On May 4, 2017, Fitzpatrick also voted against the second attempt to pass the American Health Care Act. In a statement, he said, "We saw what happened when healthcare reform – an issue impacting 1/5 of our economy – was rushed through Congress along extremely partisan lines in 2009," referring to the ACA in 2010. On December 12, he took part in the Democratic bill to lower drug costs, the Elijah Cummings Lower Drug Costs Now Act.

Immigration 
In 2017, Fitzpatrick was critical of President Obama's executive order establishing the DACA program, but said the immigration system was broken. In a 2018 debate, he said he supported a path to citizenship for DREAMers, but that "any immigration reform package has to deal with border security." In 2019, he voted for the American Dream and Promise Act, which included no new border security measures.

Fitzpatrick opposed Trump's 2017 executive order to impose a temporary ban on entry to the U.S. to citizens of seven Muslim-majority countries, saying, "the president's policy entirely misses the mark."

LGBT rights 
Fitzpatrick supports same-sex marriage. In 2019, he co-sponsored and voted for the Equality Act, which would extend anti-discrimination protections to LGBT-identifying adults and minors and repeal Title IX; seven other House Republicans joined him in voting for it and it passed the House 236-173. He was one of three Republicans to vote for it in 2021 when it again passed the House.

In 2022, Fitzpatrick was one of six Republicans to vote for the Global Respect Act, which sanctions foreign persons responsible for violations of internationally recognized human rights against lesbian, gay, bisexual, transgender, queer, and intersex (LGBTQI) individuals, and for other purposes.

On July 19, 2022, Fitzpatrick and 46 other Republican representatives voted for the Respect for Marriage Act, which would codify the right to same-sex marriage in federal law.

Narcotics trafficking
Fitzpatrick sponsored the International Narcotics Trafficking Emergency Response by Detecting Incoming Contraband with Technology (INTERDICT) Act, which Trump signed into law in January 2018. The law directs $15 million to U.S. Customs and Border Patrol to expand screening for fentanyl and opioids at the U.S. border.

Donald Trump
In July 2019, Fitzpatrick was one of four Republican House members to vote in support of a motion to condemn remarks Trump made on Twitter calling on "'Progressive' Democrat Congresswomen who originally came from countries" that are described as failing to "go back and help fix the totally broken and crime infested places from which they came."

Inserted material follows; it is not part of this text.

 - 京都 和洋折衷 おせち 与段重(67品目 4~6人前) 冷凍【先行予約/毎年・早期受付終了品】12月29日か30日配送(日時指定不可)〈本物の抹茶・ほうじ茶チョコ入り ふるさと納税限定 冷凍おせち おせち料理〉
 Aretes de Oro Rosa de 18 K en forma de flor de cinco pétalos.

Fitzpatrick voted against Trump's impeachment on December 18, 2019, and again on January 13, 2021. Before the second vote, he introduced a censure resolution against Trump, which condemned the rhetoric that led to the Capitol attack.

On May 19, 2021, Fitzpatrick was one of 35 Republicans to join all Democrats in voting to approve legislation to establish the January 6 commission meant to investigate the storming of the U.S. Capitol. He was reportedly the only House Republican to attend a 2023 ceremony marking the second anniversary of the Capitol attack. Fitzpatrick called the attack a "terrible day that we can never let happen again."

Russia
In a 2018 debate, Fitzpatrick said that Russia held "by and large sinister motives", noting that while he was stationed in Ukraine, Russia twice attempted to knock out Ukraine's electrical grids through cyber attacks.

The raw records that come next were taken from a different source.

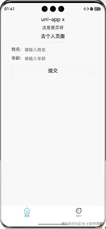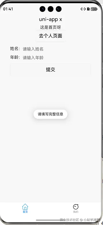 在首页(index 页面)添加一个简单表单,比如包含姓名、年龄输入框和提交按钮,填写信息后点击提交,模拟数据提交(实际开发可对接接口,这里先做基础演示)。
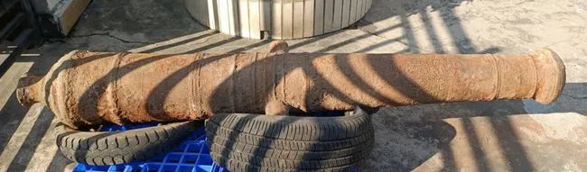 據白蕉一廢品站工作人員介紹,該鐵炮是從雙湖路跨雞啼門特大橋附近收購回來。收購時,原炮身還粘有黑泥和貝殼,推測此鐵炮為建橋施工時,由工人從地下挖掘出來的。
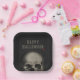 Vintage Ätzung des menschlichen Schädels auf schwarz mit gotischer Typografie - schwarz auf schwarz
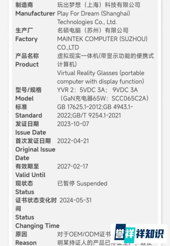 YVR2停产情况停产确认:玩出梦想旗下一款VR产品YVR2已停产。从中国质量认证中心官方网站信息可知,YVR2的3C认证于2024年5月31日被暂停,原因是生产厂名硕电脑书面声明玩出梦想已没有给其下YVR2的生产订单,致使该持证人所持有的证书不能在规定的期限内进行监督。
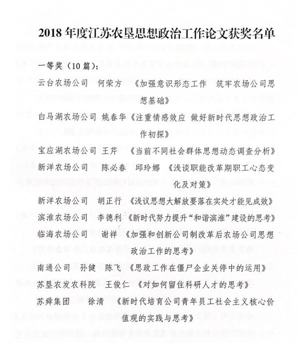 近日,從蘇墾部政研【2019】1號文獲悉,新洋八篇思想政治論文獲得集團公司2018年優(yōu)秀論文表彰。其中,一等獎2篇,二等獎2篇,三等獎4篇。
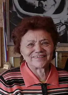 Marina Lavrentievna Popovich (née Vasiliyeva; 30 July 1931 – 30 November 2017) was a Soviet Air Force colonel, engineer, and decorated Soviet test pilot. In 1964, she became the third woman and the first Soviet woman to break the sound barrier.[1] Known as "Madame MiG", for her work in the Soviet fighter, she set more than one hundred aviation world records on over 40 types of aircraft over her career.[1][2]
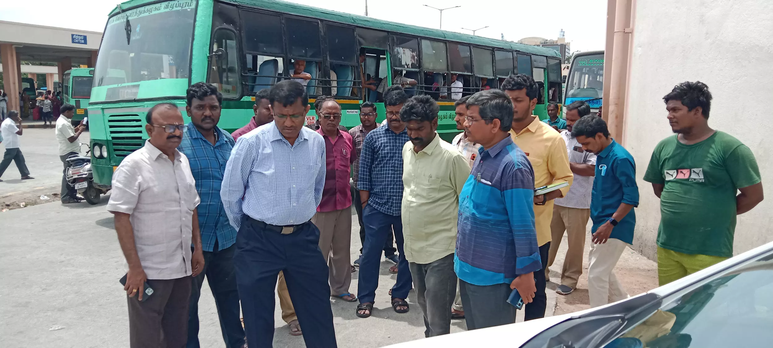 வேலூர் புதிய பஸ் நிலையத்தில் மாநகராட்சி கமிஷனர் ரத்தினசாமி ஆய்வு செய்த காட்சி.

In July 2018, Fitzpatrick said that Russian leader Vladimir Putin had "manipulated" Trump at the Helsinki Summit. Fitzpatrick said he was "frankly sickened by the exchange" between Trump and Putin. He criticized the "mixed signals" that the Trump administration was sending regarding Russian interference in the 2016 election.

In April 2018, Fitzpatrick said that Trump should stop attacking the FBI and allow Robert Mueller to complete his investigation, saying it was improper to "judge an institution based on the actions of a few bad actors."

Taxes 
In December 2017, Fitzpatrick voted for the Tax Cuts and Jobs Act in a party-line vote.

Term limits and congressional perks
In April 2018, Fitzpatrick led a bipartisan group of freshmen House members in an Oval Office meeting at which they discussed with Trump a proposed constitutional amendment imposing congressional term limits.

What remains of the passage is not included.